ANNOUNCING SHORTLIST FOR INSPIRE FUTURE GENERATIONS CATEGORIES 2021

  • Archimake

    Archimake’s informal learning workshops introduce architectural design to children from diverse backgrounds so they can contribute to the city from an early age. The workshops enable children to communicate using tools of professional designers, including drawing typologies, models and presentation methods. This helps to bridge the intellectual gap so the conversation between children and professionals is a meaningful one.

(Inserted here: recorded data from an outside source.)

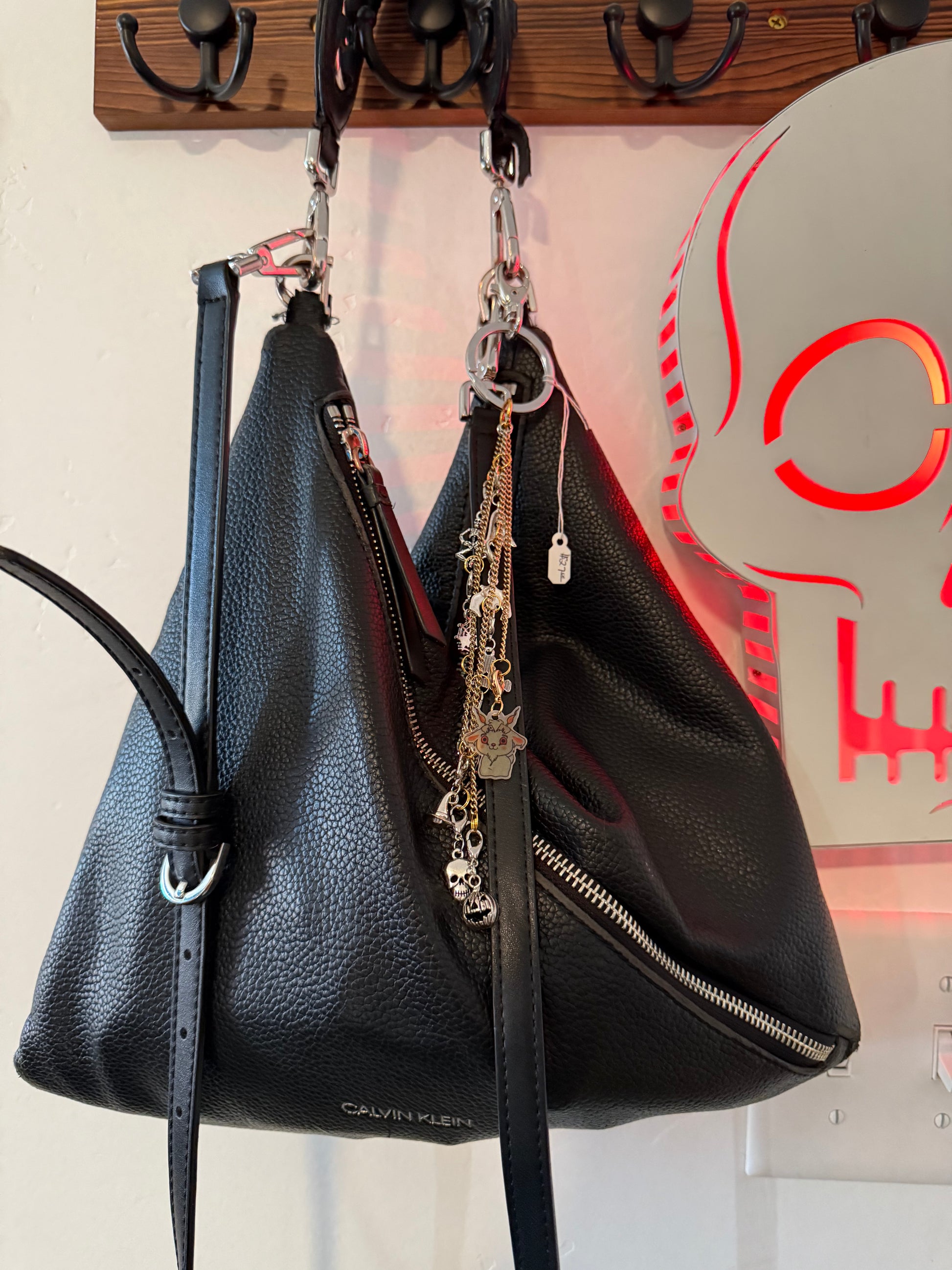Add a touch of spooky whimsy to your everyday accessories with this handcrafted multipurpose keychain. Featuring a silver round split ring with carabiner clasp and three thrifted chains, it’s adorned with a Lumieeehre resin charm and a collection of mostly thrifted charms, creating a playful, one-of-a-kind accessory.
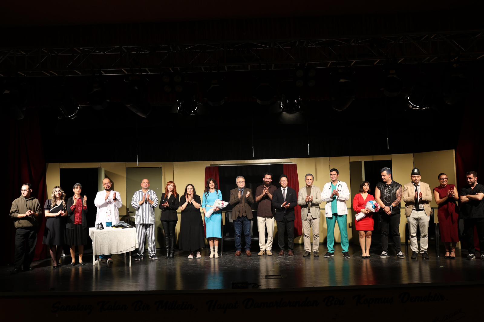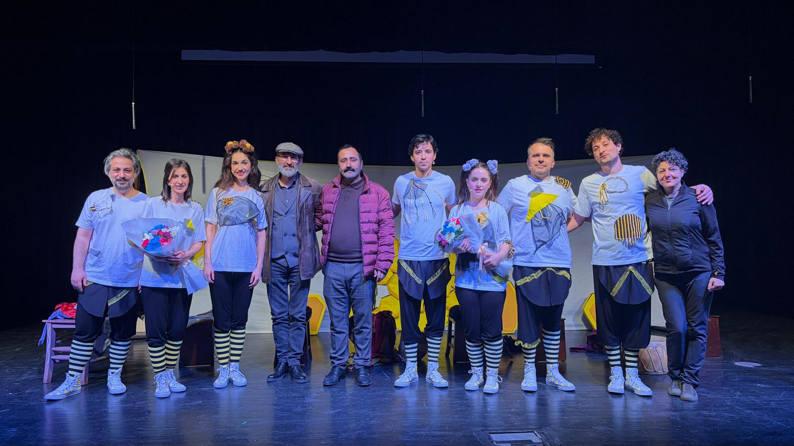 Gösterinin ardından Gemlik Belediye Başkanı Şükrü Deviren ve Bursa Barosu Başkanı Metin Öztosun tarafından, Yırtık Cübbe Tiyatro Topluluğu sorumlusu Leylanur Kaymakçı ile Özgür Aksoy’un annesi Gülay Aksoy’a çiçek takdim edildi.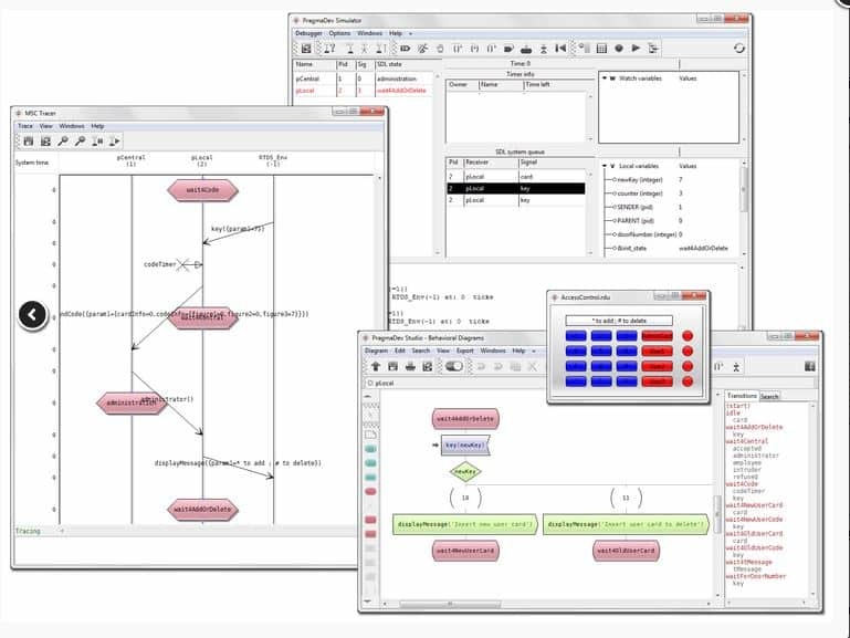 PragmaDev Studio is a modeling tool which helps managing complexity inherent to developing todays communicating systems. It integrates four different tools based on international standard technologies. Each tool is dedicated to a user profile: architects/system engineers, developers, and testers.PragmaDev Specifier helps system engineers to unambiguously specify and verify the functionalities of the system, and define the best architecture for performance or energy efficiency.

    Category: Informal learning activity

  • Architectural Thinking School for Children

    The Architectural Thinking School for Children in Belarus was founded in 2016 by architect Alexander Novikov and art critic and designer Elena Karpilova as an institution of supplementary education. It teaches architectural thinking as a tool for understanding the modern global world, taking the range of knowledge and skills of an architect and applying it to different disciplines. It has 50 tutors and more than 3,000 students across 5 years of work.

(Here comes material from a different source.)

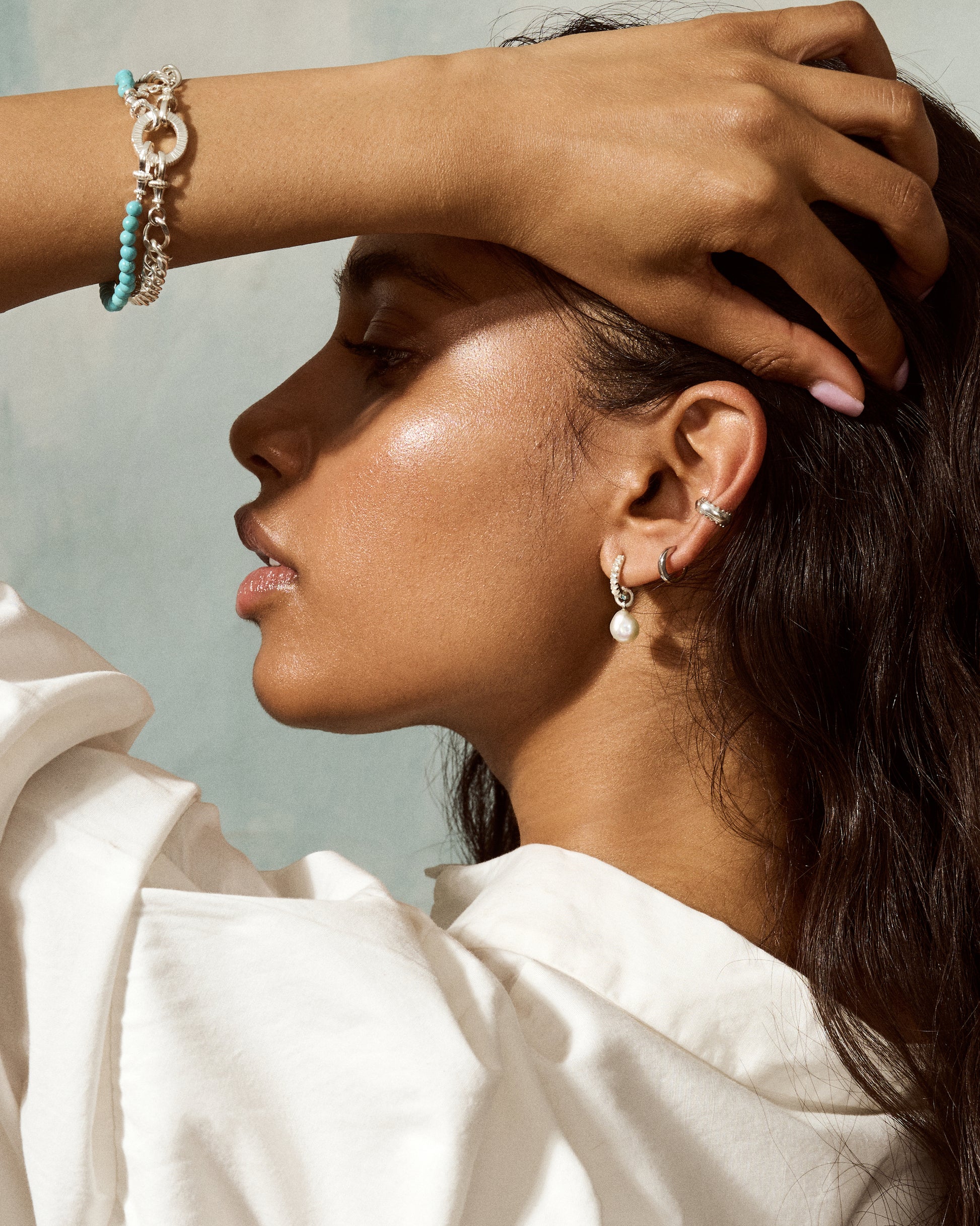 The LANA pearl charms can be paired with any of our huggie or small hoop earrings (the COIN, CARA or DELTA) for an instant update to your look. Crafted with freshwater pearls, they make a timeless addition to any jewellery collection.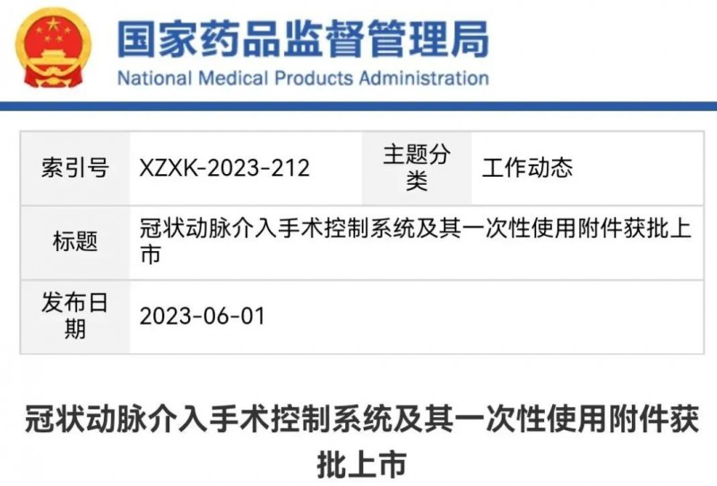 6月1日,西门子的血管介入机器人CorPath GRX获NMPA批准上市,该产品是国内第二款批准上市的血管介入机器人,预期用途为“冠状动脉介入手术控制系统和一次性使用冠状动脉介入手术控制系统附件配套使用,辅助临床医生在经皮冠状动脉介入手术期间,输送和操作导丝、导引导管或者快速交换球囊扩张导管/支架。”

    Category: Best organisation

  • Architecture at the Edge

    Architecture At The Edge (AATE) is a not-for-profit organisation based in Galway, Ireland dedicated to the promotion of architecture as Culture. To support this AATE is driving the concept of ‘Design Lab – A Space for Belonging’. The Design Lab showcases how architecture needs to consider the notion of emotional inhabitation in order to design spaces that support our mental health. Three Galway schools were involved. Up to 50+ Transition Year students in the 14-16 age bracket participated.

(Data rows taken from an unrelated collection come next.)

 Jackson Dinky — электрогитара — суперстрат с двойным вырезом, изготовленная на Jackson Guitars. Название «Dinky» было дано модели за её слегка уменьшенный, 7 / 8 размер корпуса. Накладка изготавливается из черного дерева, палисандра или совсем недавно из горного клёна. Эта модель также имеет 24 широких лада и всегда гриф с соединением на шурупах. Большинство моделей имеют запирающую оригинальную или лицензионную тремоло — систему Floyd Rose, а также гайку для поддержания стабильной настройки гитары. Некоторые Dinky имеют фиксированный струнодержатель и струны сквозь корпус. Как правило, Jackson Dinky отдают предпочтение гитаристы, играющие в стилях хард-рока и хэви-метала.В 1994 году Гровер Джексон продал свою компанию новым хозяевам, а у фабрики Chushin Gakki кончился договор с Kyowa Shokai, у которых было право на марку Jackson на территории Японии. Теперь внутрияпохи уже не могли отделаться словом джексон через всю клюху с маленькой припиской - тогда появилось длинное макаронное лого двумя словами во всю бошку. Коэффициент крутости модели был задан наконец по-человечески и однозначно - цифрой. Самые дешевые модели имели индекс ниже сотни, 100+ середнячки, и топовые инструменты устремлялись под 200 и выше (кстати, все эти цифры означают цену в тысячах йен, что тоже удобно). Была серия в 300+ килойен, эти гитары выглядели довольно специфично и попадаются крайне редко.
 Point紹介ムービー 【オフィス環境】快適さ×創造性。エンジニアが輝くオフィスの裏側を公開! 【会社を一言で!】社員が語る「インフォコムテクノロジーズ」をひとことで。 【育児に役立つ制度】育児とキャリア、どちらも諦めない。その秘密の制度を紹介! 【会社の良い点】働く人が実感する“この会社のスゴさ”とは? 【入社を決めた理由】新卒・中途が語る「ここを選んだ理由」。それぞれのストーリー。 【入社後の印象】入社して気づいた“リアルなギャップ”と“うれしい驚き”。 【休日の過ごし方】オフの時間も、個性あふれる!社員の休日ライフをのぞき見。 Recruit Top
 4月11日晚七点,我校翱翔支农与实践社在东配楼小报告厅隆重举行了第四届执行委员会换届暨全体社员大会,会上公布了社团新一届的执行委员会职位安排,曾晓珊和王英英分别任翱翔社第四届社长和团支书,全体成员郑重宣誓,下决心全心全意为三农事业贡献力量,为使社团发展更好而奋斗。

    Category: Best organisation

  • Arkki International & Arkki Organisation

    Arkki, the School of Architecture for Children and Youth, founded in 1993 to support and develop teaching and educational work for children and young people related to architecture, the built environment, and the ecological foundations of construction. Arkki International is an off-shoot and probably the first organisation spreading architecture and design education for CYP worldwide. It has created for ages 4 to 19, providing creative education through architecture and is licensed worldwide to local partners, training local architect teachers to deliver the educational content.

    Category: Best Organisation

  • Arkki ry

    Arkki´s New European Bauhaus project asks pupils to imagine and create within the given guidelines of the EU initiative; beauty, sustainability and inclusivity. The online and on-site project engaged 250 children from Finland, Greece and Czech Republic. The methodologies used were design thinking processes, including emphasis on experimenting, drawing and model-building. The 4–14-year-old pupils expressed their thoughts through various means; with comic strips and 3D models of future cities and buildings.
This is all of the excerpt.